Personal information
- Listed height: 5 ft 11 in (1.80 m)
- Listed weight: 185 lb (84 kg)

Career information
- High school: Roy (Roy, Utah)
- College: BYU (2022–2025);

Awards and highlights
- First-team All-Big 12 (2025);
- Stats at ESPN

= Parker Kingston =

American football player

Parker Kingston is an American college football wide receiver who previously played for the BYU Cougars.

== Early life ==
Kingston was born in Idaho, and attended Roy High School in Roy, Utah, where he totaled 2,649 passing yards, 2,136 rushing yards, 542 receiving yards, and 64 total touchdowns. He was rated as a three-star recruit and committed to play college football for the BYU Cougars.

== College career ==
As a freshman in 2022, Kingston played in just one game where he rushed once for two yards. In week 3 of the 2023 season, he threw for a 37-yard touchdown, hauled in a 20-yard touchdown reception, and returned a kickoff for 46 yards in a win over Arkansas. Kingston finished the 2023 season with 19 receptions for 207 yards and a touchdown, while also adding four yards on the ground, two passing touchdowns, 215 return yards, and a tackle.
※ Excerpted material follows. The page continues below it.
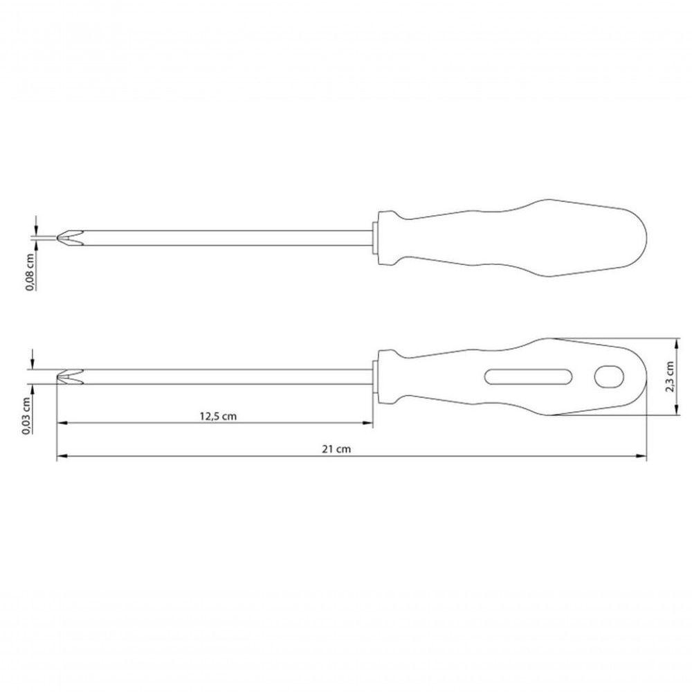 Chave De Fenda Tramontina Master Yellow 1/8x5" Com Ponta Cruzada No dia a dia, é essencial contar com uma chave de fenda segura e resistente. Para parafusos de ponta cruzada, a Chave de Fenda Tramontina MASTER Yellow com Ponta Cruzada 1/8x5 Polegadas é a escolha certa. Produzida em aço especial temperado, oferece resistência e durabilidade, enquanto seu cabo em polipropileno injetado garante manuseio confortável e preciso. Com essa ferramenta, apertar ou afrouxar parafusos se torna muito mais fácil e eficiente.Recomendações de Uso:Modo de uso: ;Use óculos, luvas e outros equipamentos de proteção de acordo com a tarefa a ser executada. Utilize chaves de fenda isoladas, identificadas pela marcação V, quando for necessário trabalhar em locais com corrente elétrica. Importante: nestes casos, inspecione a integridade da isolação elétrica, e, se aparecerem trincas na isolação, suspenda o uso imediatamente. Utilize chaves com ponta adequada para cada tipo de fenda, para realizar a tarefa de forma mais rápida e segura. Respeite o torque estabelecido por norma para cada bitola. Não utilize as chaves de fenda como formão ou alavanca. Não altere as dimensões da ponta para obter outro perfil. Armazene em limpo e seco.- Foto meramente ilustrativa.Informações Adicionais:- Ponta cruzada;- Acabamento niquelado;- Haste em aço especial temperado; ;- Cabos injetados com material de alta resistência;- As ferramentas são produzidas e testadas conforme normas específicas;- Os dimensionais das pontas são verificados comgabaritos-padrão, calibrados e certificados;- As hastes das chaves de fenda são testadas em máquinas de ensaio específicas, para verificar o perfeito balanço entre resistência mecânica e dureza.
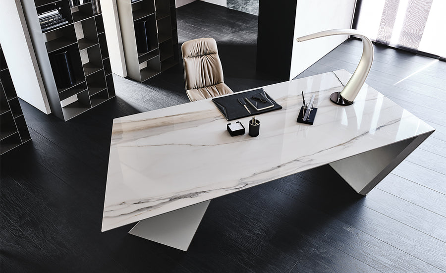 Nasdaq Keramik Desk with top and sides in Marmi ceramic available in the finishes:

In week 4 of the 2024 season, he returned a punt 90 yards for a touchdown in an upset win over Kansas State.

== Legal issues ==
On February 11, 2026, Kingston was charged with and held without bail in Washington County, Utah, for first-degree felony rape, following an investigation into a 20-year-old woman reporting a sexual assault on February 23, 2025. On February 13, 2026, it was announced that Kingston was no longer a BYU student and not part of the football program shortly after being released on bond. The case was dismissed without prejudice on June 18, 2026.